What the specialist label actually means
A general-purpose 7B Instruct model is trained to do many things passably: summarize, chat, reason, write code, follow instructions, occasionally call tools. The capability budget is spread across dozens of competencies. Tool calling is one slice of that budget — not the focus.
An agent specialist inverts the priorities. It is trained on a narrow distribution of tasks: input is a user message plus a tool schema, output is a structured function call. Other capabilities are present at much lower fidelity or removed entirely. The architecture, tokenizer, and pretraining mix are tuned around that single output shape.
That trade-off — giving up generalist breadth in exchange for specialist density — is what makes the parameter counts feel implausible at first glance.

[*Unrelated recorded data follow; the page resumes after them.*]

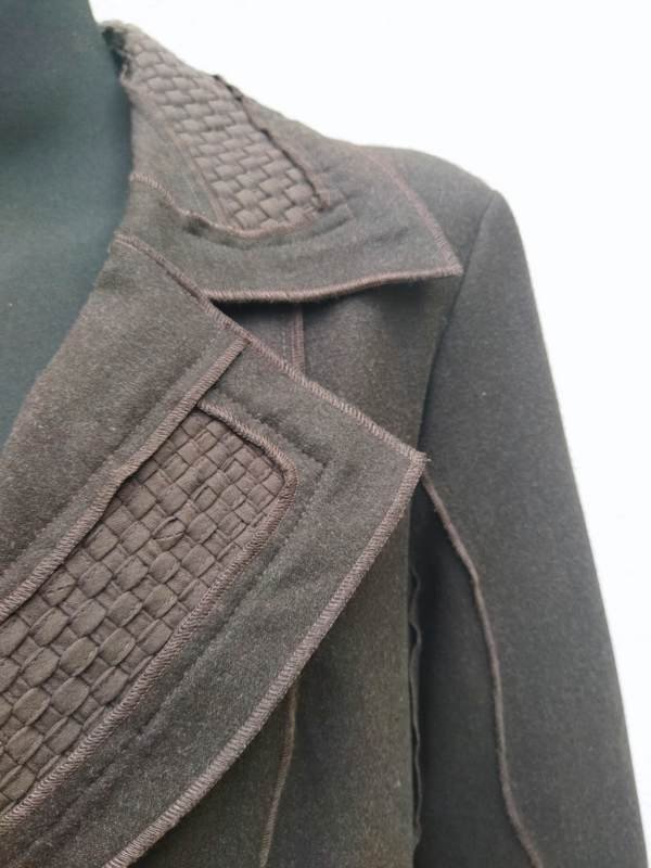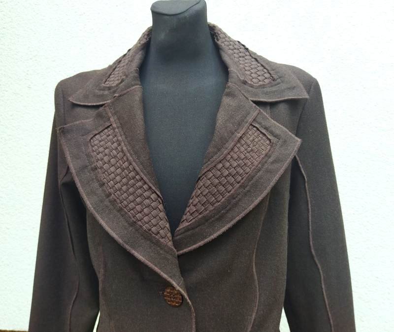 Ciekawa marynarka z wiskozowej tkaniny z poliestrem w kolorze gorzkiej czekolady z wstawkami z plecionych paseczków z bawełnianej tkaniny w kolorze marynarki. Wszystkie szwy skierowane na zewnątrz i endlowane nićmi w kolorze marynarki. Taliowana z kołnierzem z rewersami, zapinana na dwa duże guziki z fakturą plecionki. Całośc na podszewce
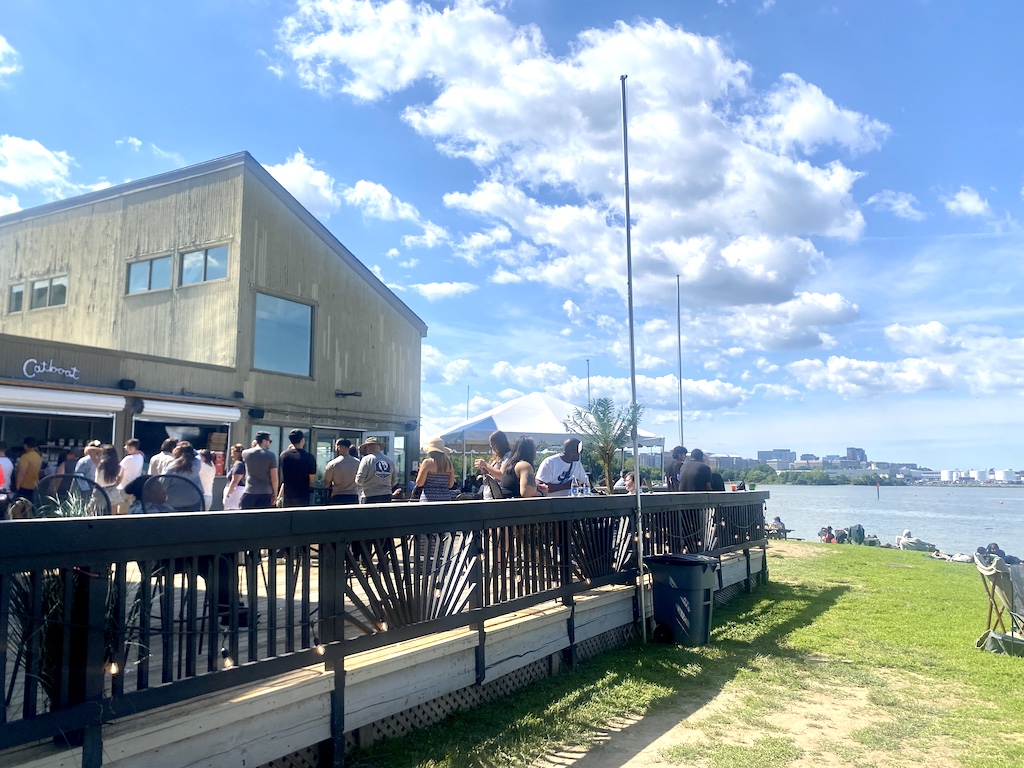 Catboat is located right on the banks of the Potomac, just off the GW Parkway between DCA and Old Town Alexandria at the Washington Sailing Marina. It’s set well off the busy road, with the open counter where you order and large wrap-around deck facing the river. If not for its sweeping, scenic views of DC, it would feel a world away from the bustling city.
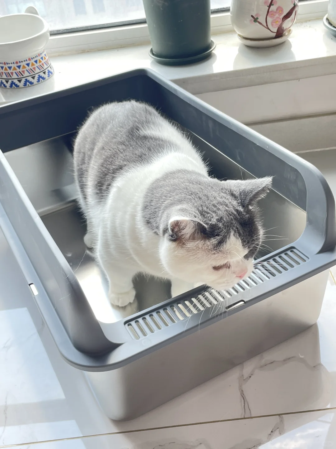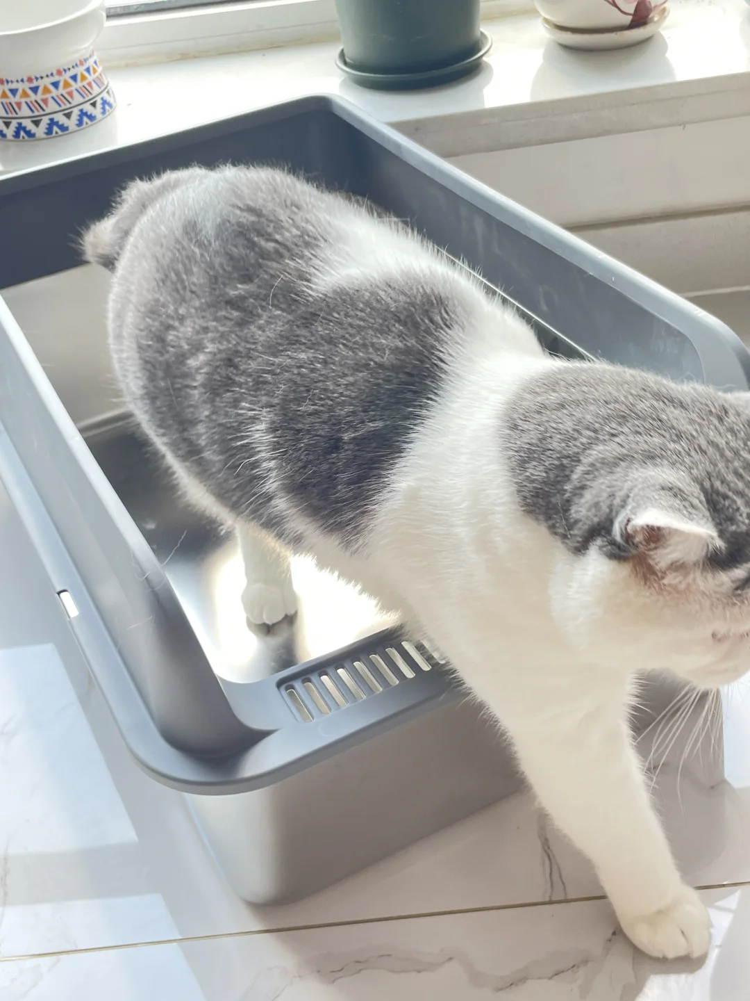 就喜欢蹲猫砂盆纸壳箱等等 已经沦为它的玩具了

A 270M model that hits 82-88% on standard tool-calling benchmarks is not violating any laws of physics. It is just spending its parameters on one thing instead of fifty.
FunctionGemma in one paragraph (because it has its own post)
We covered FunctionGemma in detail earlier in the year. The short version: 270M parameters, single-purpose intent-to-invocation mapping, 200MB at Q4, 800-plus tokens per second on a consumer GPU and 180-250 tokens per second on plain CPU. Out of the box it handles standard tool schemas — weather, search, calendar, CRUD — at 82-88% accuracy. Fine-tuned on your specific schemas, it lands in the 90-94% range. It cannot reason multi-step, cannot chat, cannot summarize. It does one thing, very fast, in a tiny footprint.
What is new — and the heart of this post — is that Google has now released the model that sits one size up.
Gemma 4 E2B: the specialist gets a multimodal sibling
Gemma 4 E2B (April 2026) is Google's answer to a real gap. FunctionGemma is great if your agent only needs text-in, function-call-out. It is not enough when the agent needs to look at a photo of a receipt before calling create_expense_report, or read a screenshot before calling navigate_to_setting. Mobile agents in particular keep running into multimodal inputs, and a 270M text-only model leaves them stranded.
Gemma 4 E2B is a roughly 2B-effective-parameter, natively multimodal model with the same special-token vocabulary for function calls that FunctionGemma uses. The architecture is the next iteration of the Gemma family — the "E" in E2B stands for "effective" parameters, paired with Per-Layer Embeddings (PLE) caching that lets a 2B-class model use a much smaller active memory footprint than the raw parameter count suggests. At Q4_K_M quantization it sits around 1.5GB on disk and roughly 2GB working memory, which puts it in range for any modern phone.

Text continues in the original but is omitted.